THE DATA –

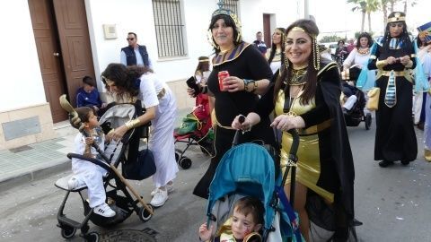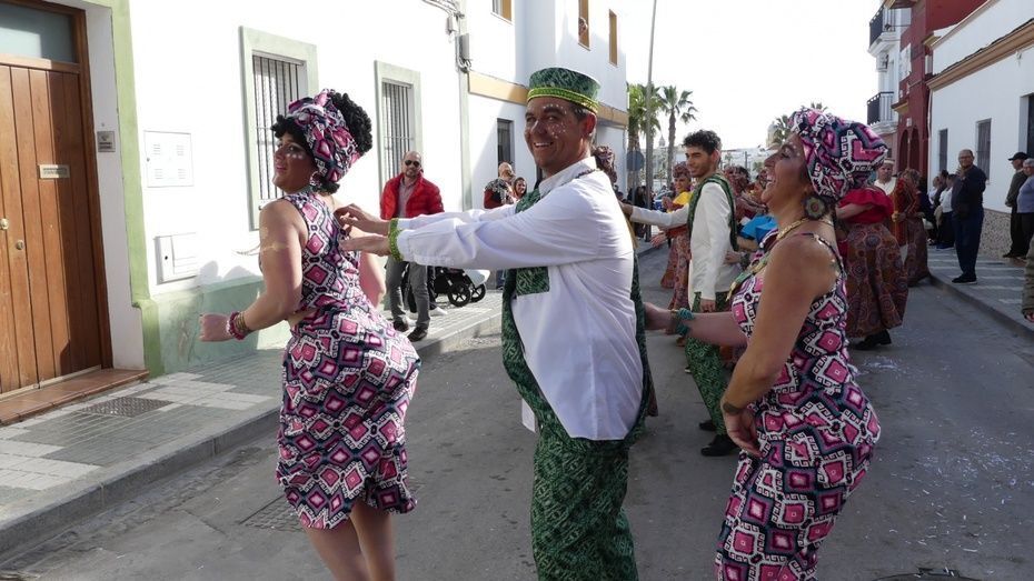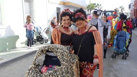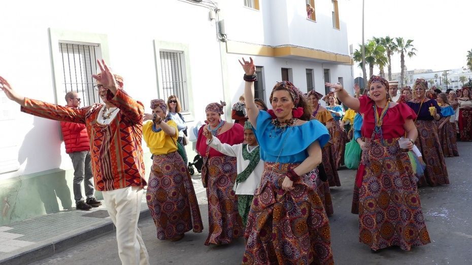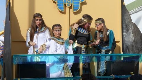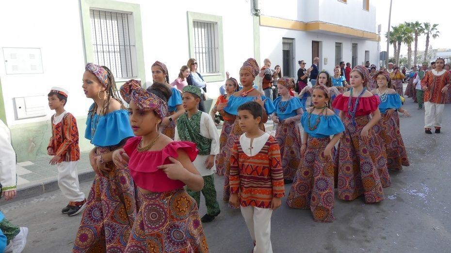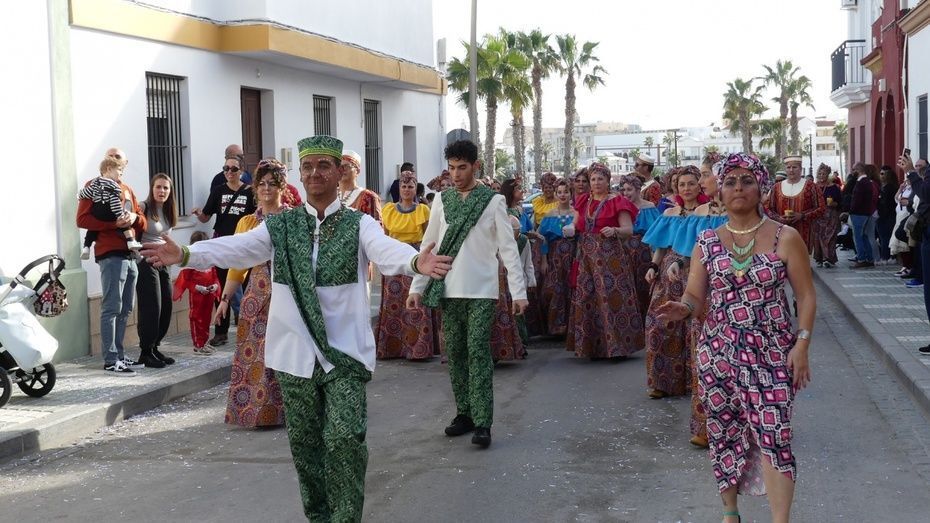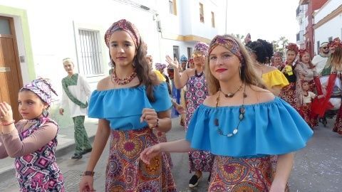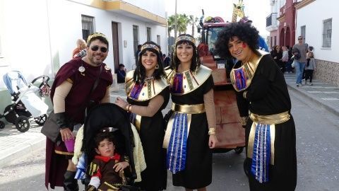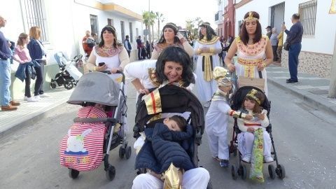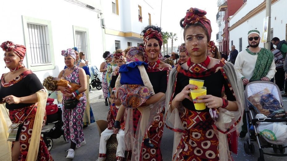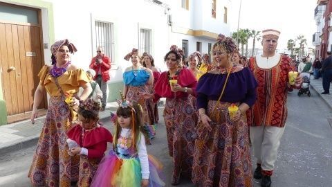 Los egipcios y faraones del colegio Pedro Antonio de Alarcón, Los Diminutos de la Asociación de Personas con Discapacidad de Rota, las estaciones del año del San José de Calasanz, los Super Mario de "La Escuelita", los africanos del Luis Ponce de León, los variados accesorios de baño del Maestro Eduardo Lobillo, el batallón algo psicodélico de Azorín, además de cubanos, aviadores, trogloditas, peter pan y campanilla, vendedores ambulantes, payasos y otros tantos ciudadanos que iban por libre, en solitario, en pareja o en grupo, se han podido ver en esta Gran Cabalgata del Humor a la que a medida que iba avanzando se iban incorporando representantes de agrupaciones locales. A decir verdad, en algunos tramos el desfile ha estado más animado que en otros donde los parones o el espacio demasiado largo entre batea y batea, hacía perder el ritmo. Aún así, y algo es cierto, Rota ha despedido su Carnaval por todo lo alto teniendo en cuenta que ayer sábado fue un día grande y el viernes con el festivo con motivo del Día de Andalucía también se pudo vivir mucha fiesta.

...

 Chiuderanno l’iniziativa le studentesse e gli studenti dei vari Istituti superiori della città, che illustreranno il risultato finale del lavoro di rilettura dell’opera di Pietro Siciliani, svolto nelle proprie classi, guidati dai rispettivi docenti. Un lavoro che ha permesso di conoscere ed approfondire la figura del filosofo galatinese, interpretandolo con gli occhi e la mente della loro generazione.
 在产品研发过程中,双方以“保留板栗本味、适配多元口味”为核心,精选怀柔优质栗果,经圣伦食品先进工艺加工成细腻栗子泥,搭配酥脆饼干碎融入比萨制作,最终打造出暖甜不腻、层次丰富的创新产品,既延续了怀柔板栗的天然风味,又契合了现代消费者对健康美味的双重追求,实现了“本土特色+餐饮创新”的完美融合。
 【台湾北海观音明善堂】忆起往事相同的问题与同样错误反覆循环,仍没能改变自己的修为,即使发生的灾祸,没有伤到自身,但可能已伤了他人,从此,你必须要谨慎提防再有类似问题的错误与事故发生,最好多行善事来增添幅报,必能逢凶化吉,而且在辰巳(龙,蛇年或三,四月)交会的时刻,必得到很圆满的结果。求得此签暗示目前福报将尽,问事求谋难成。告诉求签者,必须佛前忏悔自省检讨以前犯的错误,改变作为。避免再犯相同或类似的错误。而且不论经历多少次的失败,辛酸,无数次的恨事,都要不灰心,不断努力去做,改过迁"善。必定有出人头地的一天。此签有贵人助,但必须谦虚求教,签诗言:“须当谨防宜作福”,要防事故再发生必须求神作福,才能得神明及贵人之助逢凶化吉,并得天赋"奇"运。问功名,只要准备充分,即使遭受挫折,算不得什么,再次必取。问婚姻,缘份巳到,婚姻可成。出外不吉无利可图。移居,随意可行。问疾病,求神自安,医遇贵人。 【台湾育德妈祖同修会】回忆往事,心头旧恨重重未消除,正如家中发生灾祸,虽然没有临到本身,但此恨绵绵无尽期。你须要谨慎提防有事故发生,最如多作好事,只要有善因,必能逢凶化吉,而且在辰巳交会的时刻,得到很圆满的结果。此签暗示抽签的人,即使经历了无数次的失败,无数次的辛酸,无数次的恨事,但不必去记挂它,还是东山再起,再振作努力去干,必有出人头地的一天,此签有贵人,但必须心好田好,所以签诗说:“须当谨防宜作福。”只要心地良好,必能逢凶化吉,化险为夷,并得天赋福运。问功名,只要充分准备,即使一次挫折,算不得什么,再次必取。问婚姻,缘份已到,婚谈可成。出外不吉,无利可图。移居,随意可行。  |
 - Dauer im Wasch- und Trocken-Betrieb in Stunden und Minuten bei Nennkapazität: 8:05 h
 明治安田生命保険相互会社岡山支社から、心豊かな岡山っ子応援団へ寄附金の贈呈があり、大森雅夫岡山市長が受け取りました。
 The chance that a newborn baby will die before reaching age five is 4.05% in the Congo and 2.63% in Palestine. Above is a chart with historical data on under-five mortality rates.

...

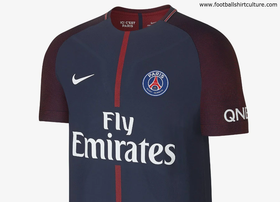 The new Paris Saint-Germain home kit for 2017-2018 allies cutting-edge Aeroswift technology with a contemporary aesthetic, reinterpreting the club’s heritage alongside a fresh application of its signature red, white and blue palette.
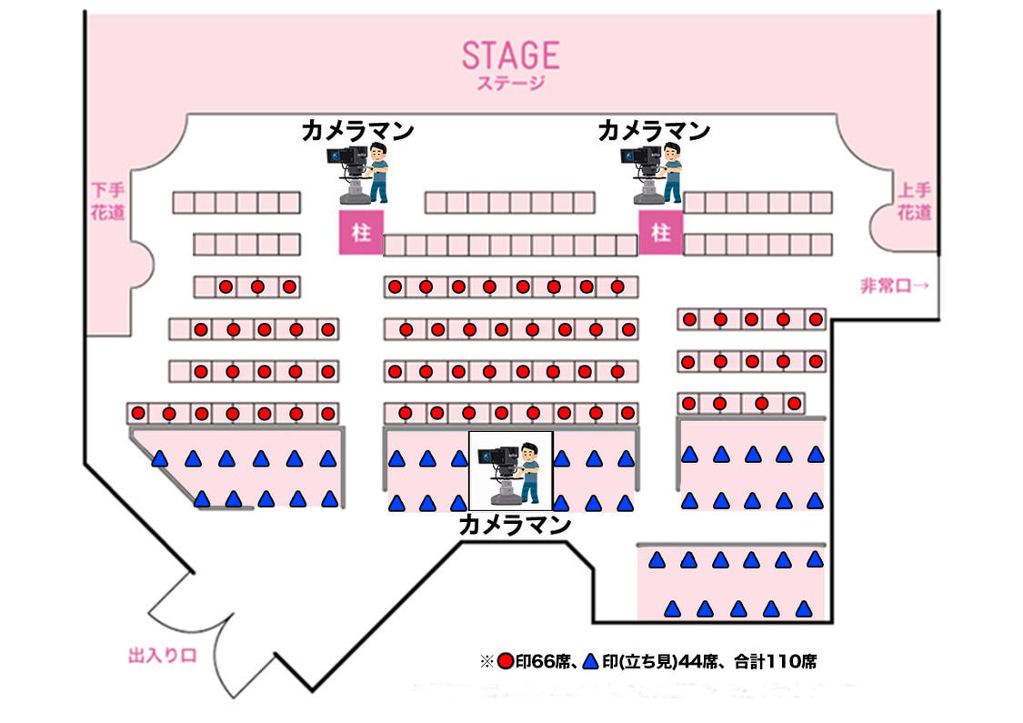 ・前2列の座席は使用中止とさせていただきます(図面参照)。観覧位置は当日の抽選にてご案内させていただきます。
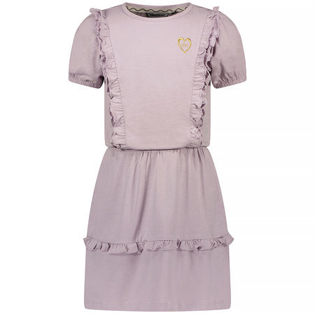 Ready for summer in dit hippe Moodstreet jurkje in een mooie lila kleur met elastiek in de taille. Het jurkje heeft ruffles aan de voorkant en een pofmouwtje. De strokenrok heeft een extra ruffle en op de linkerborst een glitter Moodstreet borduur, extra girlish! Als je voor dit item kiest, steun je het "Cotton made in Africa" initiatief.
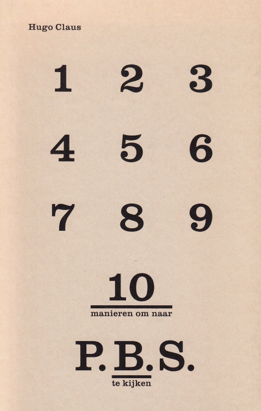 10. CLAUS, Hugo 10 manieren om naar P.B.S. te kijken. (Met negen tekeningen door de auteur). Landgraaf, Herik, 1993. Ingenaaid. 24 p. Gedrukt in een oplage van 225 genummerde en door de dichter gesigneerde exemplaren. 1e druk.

DESCRIPTION OF THE TASK – Return word for word the lines of the listing above, starting at the line with "The new Paris" and ending at the line with "Ready for summer", both included. Pictures do not belong in the copy.

RESULT FOR THIS EXERCISE –
 The new Paris Saint-Germain home kit for 2017-2018 allies cutting-edge Aeroswift technology with a contemporary aesthetic, reinterpreting the club’s heritage alongside a fresh application of its signature red, white and blue palette.
 ・前2列の座席は使用中止とさせていただきます(図面参照)。観覧位置は当日の抽選にてご案内させていただきます。
 Ready for summer in dit hippe Moodstreet jurkje in een mooie lila kleur met elastiek in de taille. Het jurkje heeft ruffles aan de voorkant en een pofmouwtje. De strokenrok heeft een extra ruffle en op de linkerborst een glitter Moodstreet borduur, extra girlish! Als je voor dit item kiest, steun je het "Cotton made in Africa" initiatief.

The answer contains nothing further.